• **Task requirements**
Please output only the lines running from the one that contains "2025年9月,北语六名优秀" through the last line of the data below, exactly as they stand, with no pictures.

• **Information provided**

++++++

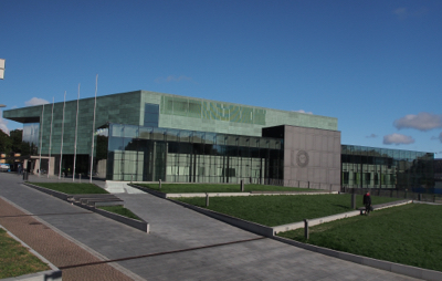 We stopped at the new Music Center opened in 2012 to use the free toilets. The concert hall is a unique design. The seats are at different levels and oriented to the “stage.” The university of music and the philharmonic are housed in this modernly designed building. The lobby contains a beautiful, modern, glass chandelier which was casting reflections on the walls as the sun shone in the windows. The red tower that reflects in the outer glass wall is the museum of history.
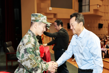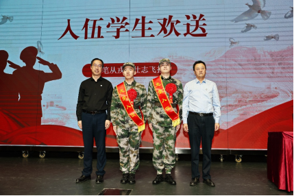 2025年9月,北语六名优秀本科生、研究生光荣参军入伍。12日下午,学校在书记“开学第一课”上庄重举行了新兵出征仪式,校党委书记倪海东为学生佩戴光荣花、副校长黄益方为学生佩戴绶带,武装部、学院负责人、辅导员老师、全体新生共同见证了这一光荣时刻。
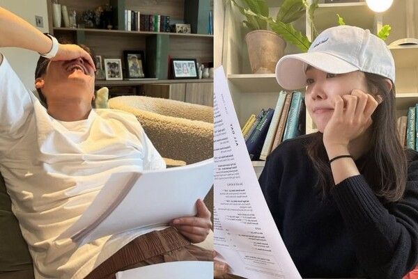 김민지의 책 원고를 읽던 중 웃음을 참지 못한 듯 얼굴을 가린 채 소파에 기대어 있는 모습이다.
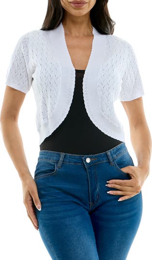 Pointelle stitching gives a trend-right look to a short-sleeve bolero edged in sweet scallops.

++++++

• **Output of the exercise**
 2025年9月,北语六名优秀本科生、研究生光荣参军入伍。12日下午,学校在书记“开学第一课”上庄重举行了新兵出征仪式,校党委书记倪海东为学生佩戴光荣花、副校长黄益方为学生佩戴绶带,武装部、学院负责人、辅导员老师、全体新生共同见证了这一光荣时刻。
 김민지의 책 원고를 읽던 중 웃음을 참지 못한 듯 얼굴을 가린 채 소파에 기대어 있는 모습이다.
 Pointelle stitching gives a trend-right look to a short-sleeve bolero edged in sweet scallops.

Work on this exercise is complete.